Two papers accepted to ICIP2024

Two papers accepted to ICIP2024

Created
August 14, 2024
Tags
PaperComputer VisionMachine LearningCross-modal
Updated
August 14, 2024

We are pleased to announce that the following two papers have been accepted to IEEE International Conference on Image Processing (ICIP2024).

Junpei Homma, Akisato Kimura, Go Irie, “Estimating indoor scene depth maps from ultrasonic echoes,” IEEE International Conference on Image Processing (ICIP), 2024.
image

Measuring 3D geometric structures of indoor scenes requires dedicated depth sensors, which are not always available. Echo-based depth estimation has recently been studied as a promising alternative solution.

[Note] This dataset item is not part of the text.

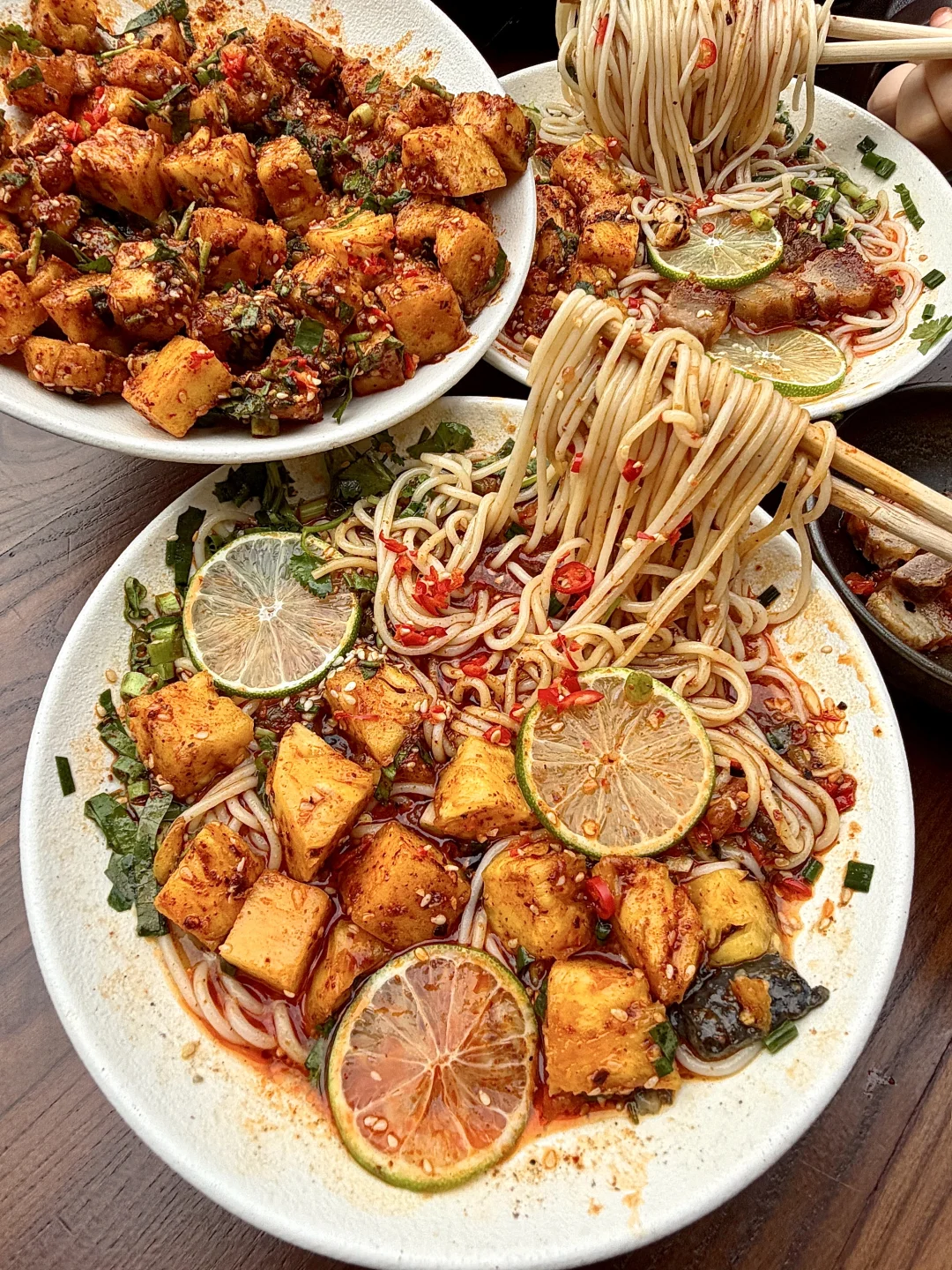 酸酸辣辣的柠檬米线绝入味好吃啊!! 配上糊辣子菠萝,看图就知道多香了🤤 环境中古风好浪漫,到了云南大理一样~真的有被治愈到!随手一拍都很美!好适合约会和过生日! 📍叫:舟白、真心希望长沙这种低调又好吃的小店多开一些!

All previous studies have assumed the use of echoes in the audible range. However, one major problem is that audible echoes cannot be used in quiet spaces or other situations where producing audible sounds is prohibited.

image

In this paper, we consider echo-based depth estimation using inaudible ultrasonic echoes. While ultrasonic waves provide high measurement accuracy in theory, the actual depth estimation accuracy when ultrasonic echoes are used has remained unclear, due to its disadvantage of being sensitive to noise and susceptible to attenuation.

image

We first investigate the depth estimation accuracy when the frequency of the sound source is restricted to the high-frequency band, and found that the accuracy decreased when the frequency was limited to ultrasonic ranges.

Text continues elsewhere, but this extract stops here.